# 1st "green" machine for the new addition



## The Big Bad Wolf (Mar 8, 2011)

I couldn't wait a month for his birthday! 11 months and it took him 7 minutes to figure out the throttle button. Can't walk but now he can certainly go. Ive been mostly MIA from MIMB and my other sites due to this lil guy but the look on his mug after climbing up on the lil quad by himself makes it worth it! It needs a couple of mods!
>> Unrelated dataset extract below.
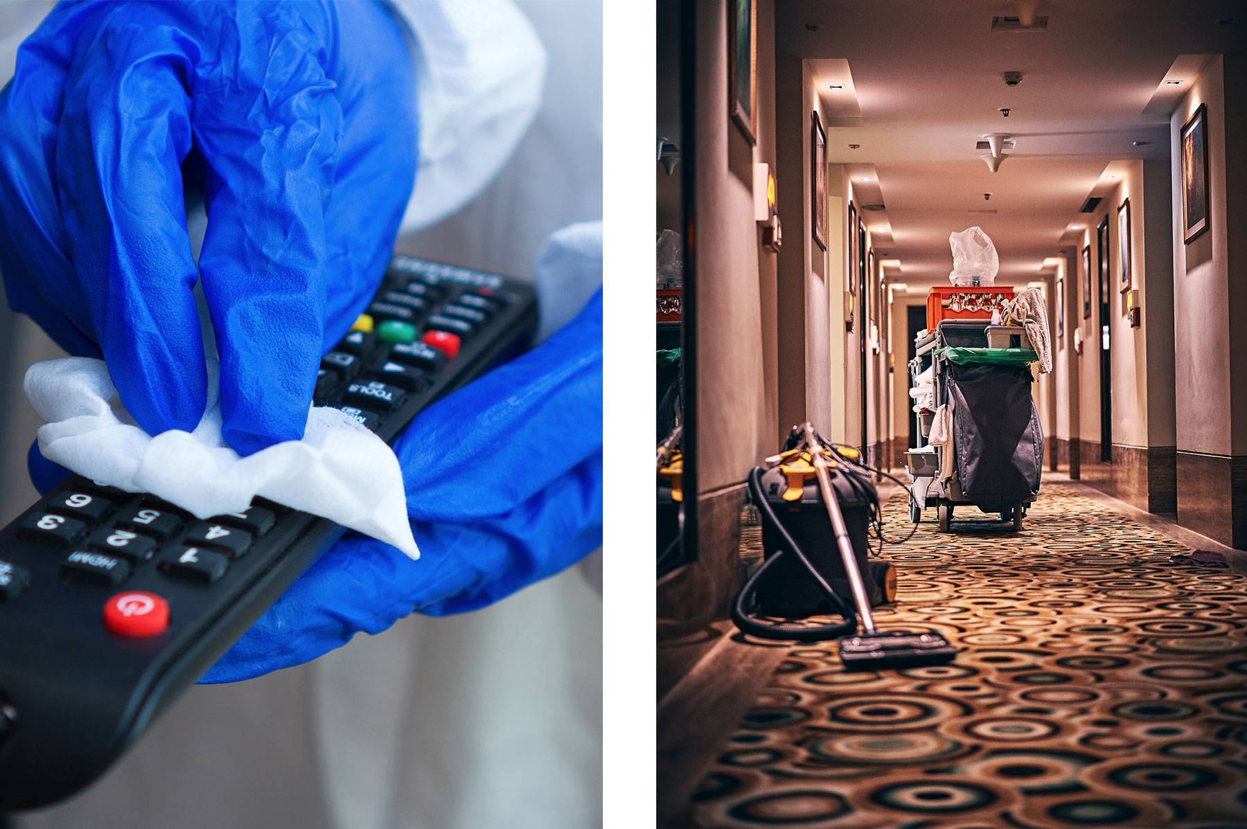 дезинфекция ключ-карт; дополнительная глубокая очистка поверхностей в общественных местах, к которым часто прикасаются; таблички со временем последней уборки, дополнительное внимание к уборке в бассейнах, фитнес-центрах и клубных гостиных; наглядное подтверждение проведённой дезинфекции предметов в номерах (например, стеклянной посуды, телевизионного пульта)

08 750 brute , MSD w vfj tune, Vfj stage 3clutch w spider mod and #1 springs, 27" mudlites, BBW custom armor and bumpers. Hdpe skid plate, 3"MIMB snorkel, MIMB Rad relocate, louder visions skull cup holder. 
it's a trick!! Get an axe!! 
tapatalk


----------



## Polaris425 (Dec 16, 2004)

That's awesome.


----------



## wideawakejake (Sep 29, 2012)

that is awesome! they get big so fast. enjoy him!


----------



## dodge2500 (Jan 3, 2013)

getting him started young thats great


----------



## bruteguy750 (Oct 25, 2012)

I also have a "green machine" in the family. He loves to ride his little power wheels 4 wheeler. But more than he loves to ride I love to watch him. I enjoy every minute I can.


----------



## Big D (Jun 23, 2009)

I love the look on his face....something tells me dad has that same look


----------



## Zrock (Oct 10, 2013)

hehe.. get them on them young.. love it.. got my girl a 12v car at the age of 2 and just got her a 110 gio at the age of 3.. she rides them both very responsible and great.. not gonna do what my parents did to me and would not let me ride anything.. that the reason i got hurt bad when i did start riding.. start them young and teach them right


----------